Shane Ashgable rapped gently on Lorimer’s door and sidled conspiratorially into the room. He was a lean, fit man whose relentless work-out programme had squared his face almost perfectly with bulging jaw muscles. He walked as if he had his buttocks permanently clenched (Hogg said once, memorably, “D’you think Ashgable’s got a fifty pence piece held between his cheeks?”). He once confessed to Lorimer that he did a thousand press-ups a day.
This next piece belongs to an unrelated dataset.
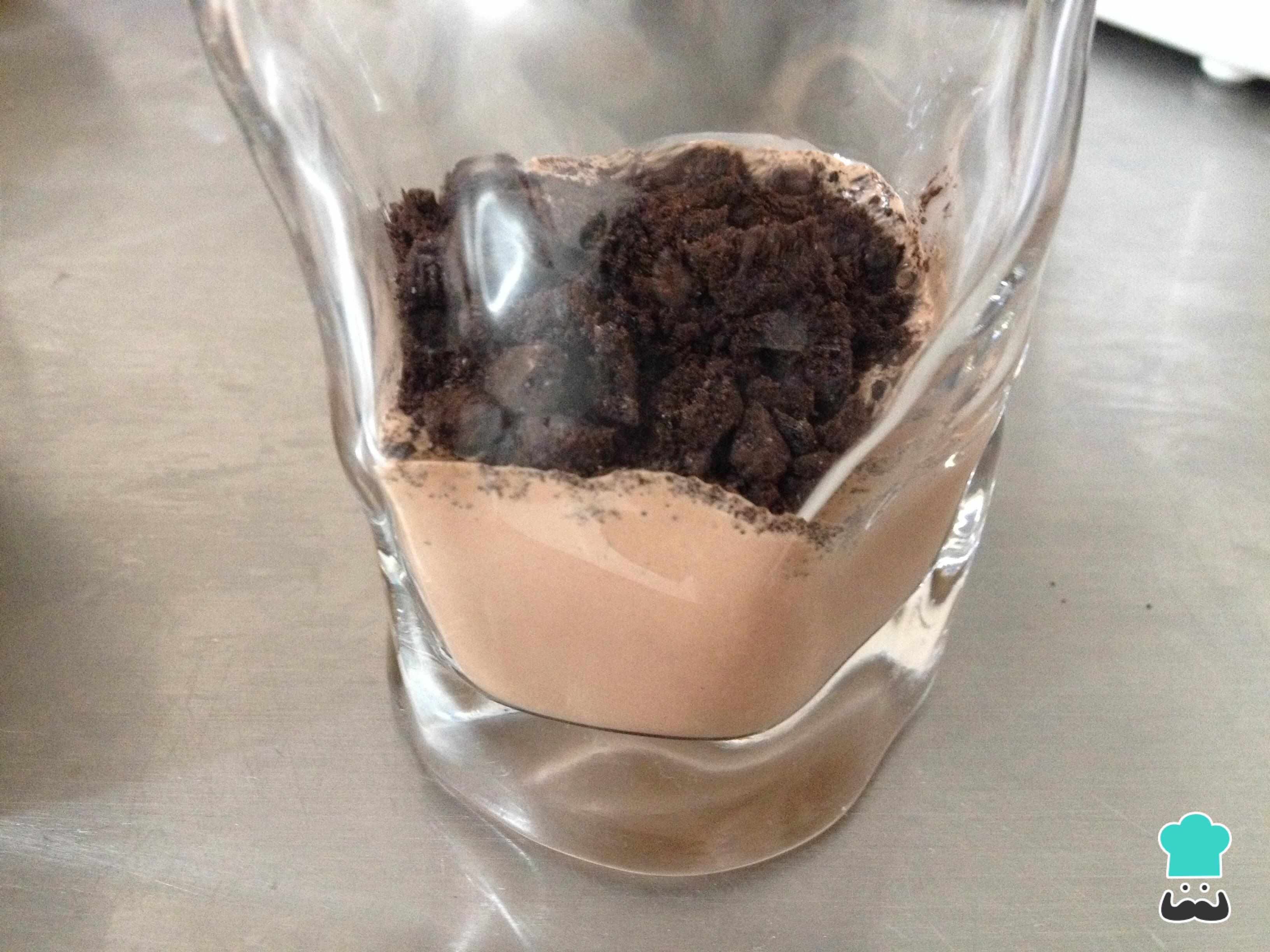 Distribua o creme de sorvete em vários copos de vidro transparentes, somente até metade, e cubra com um pouco dos biscoitos processados.

“Helvoir-Jayne’s been canned,” Ashgable said.
“Jesus Christ! When?”
“This morning. He was in and out of here like shit through a tin horn. Never seen anything like it. Ten minutes.”
“What’s going on?”
“No idea. Hogg’s like a man pissing on ice. What do you make of it?” Ashgable was no fool, Lorimer knew; he had spent a year at the Harvard Business School, hence his penchant for American slang.
“Haven’t the faintest,” said Lorimer.
“Come on,” Ashgable said, with a sly smile. “He’s your friend.”